Task goal: A faithful transcription of all the data is required.

━━━ Material to process

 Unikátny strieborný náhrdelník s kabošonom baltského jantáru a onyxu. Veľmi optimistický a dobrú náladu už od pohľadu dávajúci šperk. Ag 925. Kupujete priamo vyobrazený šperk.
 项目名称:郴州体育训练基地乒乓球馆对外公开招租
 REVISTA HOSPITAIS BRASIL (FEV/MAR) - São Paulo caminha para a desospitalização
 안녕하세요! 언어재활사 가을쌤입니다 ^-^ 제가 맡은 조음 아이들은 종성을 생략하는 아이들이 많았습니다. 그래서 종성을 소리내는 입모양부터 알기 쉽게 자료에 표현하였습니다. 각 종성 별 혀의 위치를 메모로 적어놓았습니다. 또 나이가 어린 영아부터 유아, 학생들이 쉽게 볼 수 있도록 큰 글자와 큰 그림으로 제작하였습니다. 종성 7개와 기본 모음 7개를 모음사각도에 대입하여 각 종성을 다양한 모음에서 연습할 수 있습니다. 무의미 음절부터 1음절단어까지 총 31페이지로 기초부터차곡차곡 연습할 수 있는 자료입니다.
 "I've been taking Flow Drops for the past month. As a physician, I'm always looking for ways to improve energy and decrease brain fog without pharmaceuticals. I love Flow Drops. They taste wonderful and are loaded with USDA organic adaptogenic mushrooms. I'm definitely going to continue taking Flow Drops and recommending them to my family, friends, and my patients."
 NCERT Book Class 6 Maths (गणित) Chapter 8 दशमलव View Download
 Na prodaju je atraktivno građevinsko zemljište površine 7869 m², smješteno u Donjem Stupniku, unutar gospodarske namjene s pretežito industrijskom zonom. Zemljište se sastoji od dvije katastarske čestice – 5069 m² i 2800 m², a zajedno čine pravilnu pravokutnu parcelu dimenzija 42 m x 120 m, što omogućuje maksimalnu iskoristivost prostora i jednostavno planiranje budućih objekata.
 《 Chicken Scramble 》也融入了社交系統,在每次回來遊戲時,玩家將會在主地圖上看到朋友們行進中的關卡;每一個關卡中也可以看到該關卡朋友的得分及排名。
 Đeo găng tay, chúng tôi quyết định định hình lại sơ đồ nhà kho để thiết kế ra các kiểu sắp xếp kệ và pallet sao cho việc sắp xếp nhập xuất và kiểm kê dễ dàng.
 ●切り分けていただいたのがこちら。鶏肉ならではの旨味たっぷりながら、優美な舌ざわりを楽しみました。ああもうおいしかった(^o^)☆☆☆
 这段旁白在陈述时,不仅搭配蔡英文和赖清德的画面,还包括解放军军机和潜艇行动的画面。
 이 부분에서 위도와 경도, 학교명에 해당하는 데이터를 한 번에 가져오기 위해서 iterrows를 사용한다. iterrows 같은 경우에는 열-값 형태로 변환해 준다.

━━━━━━

Written response:
 Unikátny strieborný náhrdelník s kabošonom baltského jantáru a onyxu. Veľmi optimistický a dobrú náladu už od pohľadu dávajúci šperk. Ag 925. Kupujete priamo vyobrazený šperk.
 项目名称:郴州体育训练基地乒乓球馆对外公开招租
 REVISTA HOSPITAIS BRASIL (FEV/MAR) - São Paulo caminha para a desospitalização
 안녕하세요! 언어재활사 가을쌤입니다 ^-^ 제가 맡은 조음 아이들은 종성을 생략하는 아이들이 많았습니다. 그래서 종성을 소리내는 입모양부터 알기 쉽게 자료에 표현하였습니다. 각 종성 별 혀의 위치를 메모로 적어놓았습니다. 또 나이가 어린 영아부터 유아, 학생들이 쉽게 볼 수 있도록 큰 글자와 큰 그림으로 제작하였습니다. 종성 7개와 기본 모음 7개를 모음사각도에 대입하여 각 종성을 다양한 모음에서 연습할 수 있습니다. 무의미 음절부터 1음절단어까지 총 31페이지로 기초부터차곡차곡 연습할 수 있는 자료입니다.
 "I've been taking Flow Drops for the past month. As a physician, I'm always looking for ways to improve energy and decrease brain fog without pharmaceuticals. I love Flow Drops. They taste wonderful and are loaded with USDA organic adaptogenic mushrooms. I'm definitely going to continue taking Flow Drops and recommending them to my family, friends, and my patients."
 NCERT Book Class 6 Maths (गणित) Chapter 8 दशमलव View Download
 Na prodaju je atraktivno građevinsko zemljište površine 7869 m², smješteno u Donjem Stupniku, unutar gospodarske namjene s pretežito industrijskom zonom. Zemljište se sastoji od dvije katastarske čestice – 5069 m² i 2800 m², a zajedno čine pravilnu pravokutnu parcelu dimenzija 42 m x 120 m, što omogućuje maksimalnu iskoristivost prostora i jednostavno planiranje budućih objekata.
 《 Chicken Scramble 》也融入了社交系統,在每次回來遊戲時,玩家將會在主地圖上看到朋友們行進中的關卡;每一個關卡中也可以看到該關卡朋友的得分及排名。
 Đeo găng tay, chúng tôi quyết định định hình lại sơ đồ nhà kho để thiết kế ra các kiểu sắp xếp kệ và pallet sao cho việc sắp xếp nhập xuất và kiểm kê dễ dàng.
 ●切り分けていただいたのがこちら。鶏肉ならではの旨味たっぷりながら、優美な舌ざわりを楽しみました。ああもうおいしかった(^o^)☆☆☆
 这段旁白在陈述时,不仅搭配蔡英文和赖清德的画面,还包括解放军军机和潜艇行动的画面。
 이 부분에서 위도와 경도, 학교명에 해당하는 데이터를 한 번에 가져오기 위해서 iterrows를 사용한다. iterrows 같은 경우에는 열-값 형태로 변환해 준다.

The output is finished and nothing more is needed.